JAN KLIS

Radziechowy, 30 August 1947

Jan Klis, Radziechowy 672
Żywiec District

To
The Commission for the Investigation
of German Crimes attached to the District
Court in Kraków

Regarding the public display of photographs of SS men from the former personnel of the Auschwitz concentration camp, I report that, while I was a prisoner there between 24 February 1941 and 30 September 1944, in 1943 and 1944 I knew a German called Willy Büllow with the rank of SS-Rottenführer, who was assigned as a guard to Budy, a branch of the Auschwitz camp, which was a farm formed on land left behind by displaced Poles.

The then-commandant of work groups in Budy, SS-Oberscharführer Glaue, would assign Willy Büllow as commandant of the guards or as a guard to the work group where he wanted to obtain the highest work efficiency. In addition to a rifle, Büllow would also carry a thick stick, which he used for beating prisoners without any reason. He abused them in many ways and it was obvious that he really enjoyed it.

For example, when working on the construction of a drainage ditch, the prisoners used a beam as a footbridge from one bank to the other. Willy Büllow called over an elderly prisoner, who was weak and came from Hungary. He ordered him to hang a piece of turf around his neck. Then, he ordered the biggest and the heaviest prisoner, who was Greek, to climb the Hungarian prisoner’s shoulders. Büllow made them cross the footbridge, which was 18 centimeters wide, to the other bank of the ditch, which was about six meters deep. While they were trying to cross the footbridge, both prisoners fell into the 1.5-meter ditch, full of mud. They had to repeat this several times, but every time they fell into the muddy ditch. Then, Büllow ordered the Hungarian prisoner to lie on the ground, while the Greek prisoner was told to lie on him and simulate copulation movements.

He made them do it in front of a female prisoners’ work group consisting of 200 people.

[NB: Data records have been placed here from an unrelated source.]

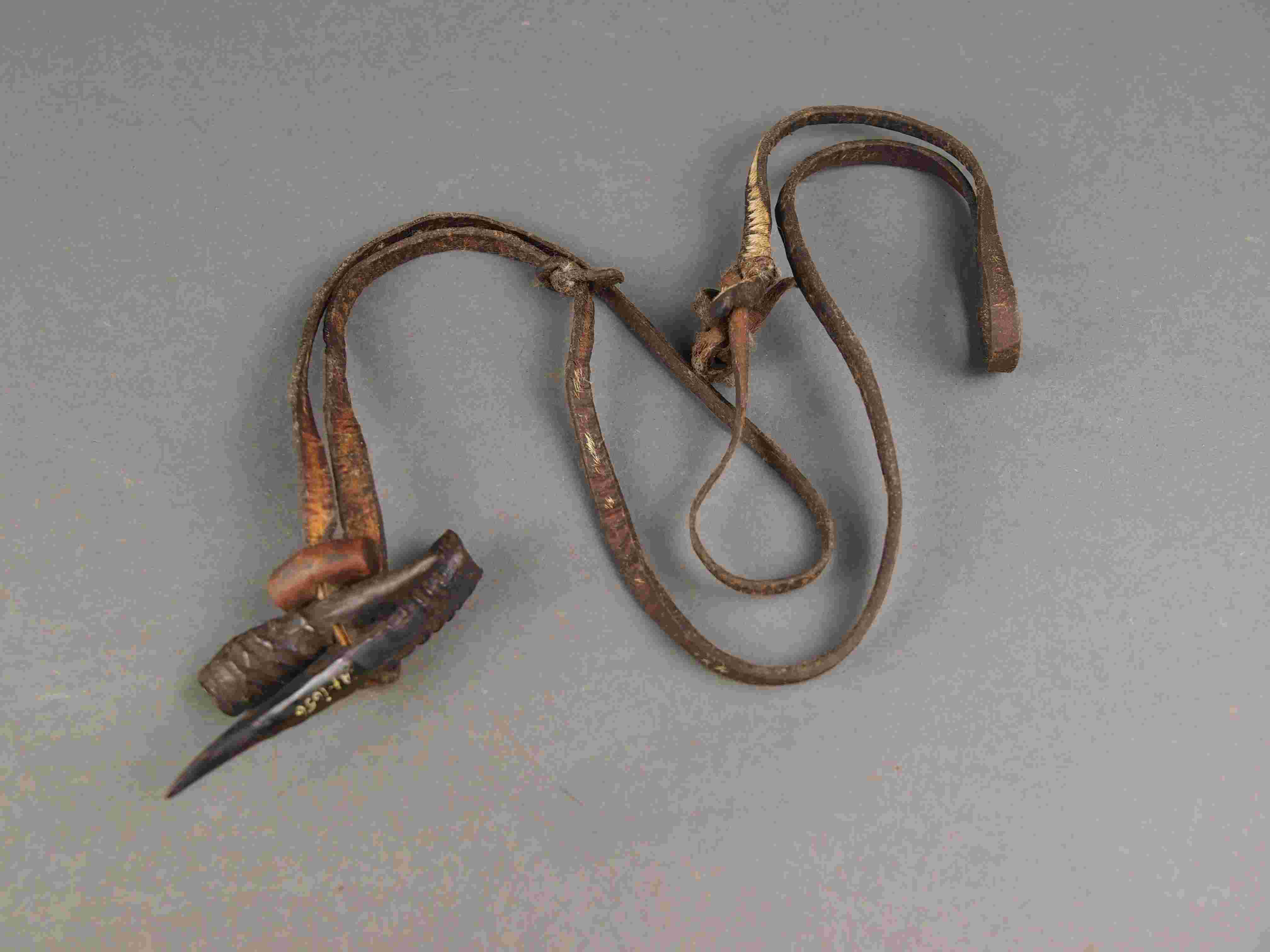 | Description | 2 Gehörnspitzen, 1 Holzstück, auf Lederriemen aufgezogen |
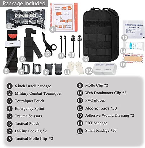 Emergency Survival Kits, Tactical Military Trauma First Aid Kit, Molle EMT IFAK Pouch Outdoor Gear Tourniquet Bandage Bleeding Control Kit for Camping Hiking Hunting Travel Car Adventures (Black)
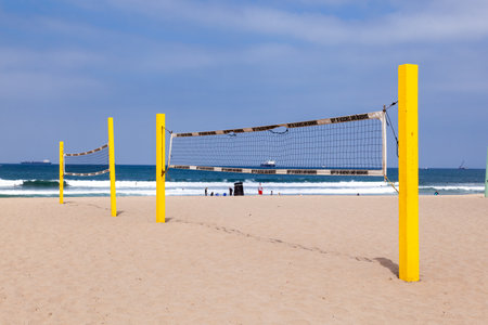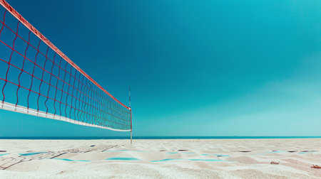 A tranquil beach setting featuring a volleyball net with soft sand, sunny sky, and sparkling ocean waves, perfect for capturing the joy of summer activities and relaxation.
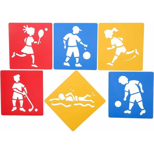 This set of 6 sports-themed plastic washable stencils including a girl playing tennis, girl swimming, girl running, boy playing basket ball, boy playing hockey and boy playing football, are ideal for use with paints, crayons, pencils and felt tip pens.
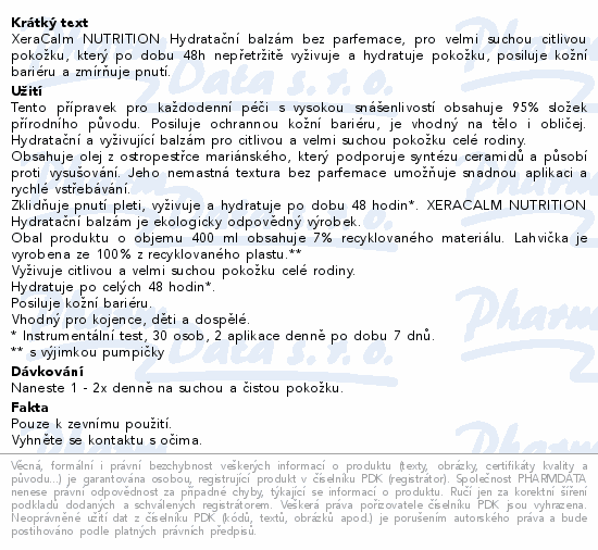XeraCalm NUTRITION Hydratační balzám bez parfemace, pro velmi suchou citlivou pokožku, který po dobu 48h nepřetržitě vyživuje a hydratuje pokožku, posiluje kožní bariéru a zmírňuje pnutí.

Another time, he gave an order to pour mud over the slope of a ditch and made a prisoner slide down on his stomach into the ditch, lie in the ditch on his stomach and back, do somersaults, sit in the ditch, and hit the mud with a wooden pole. Since the ditch was filled with so-called quicksand, which is water mixed with sand, when the prisoner came out of the ditch he looked like a gypsum statue, covered in mud and blinded.

Büllow did not see prisoners, men or women, as people, and in conversations with other SS men, he treated them as mere objects.

Willy Büllow spread terror among the prisoners in Budy, the Auschwitz camp’s branch.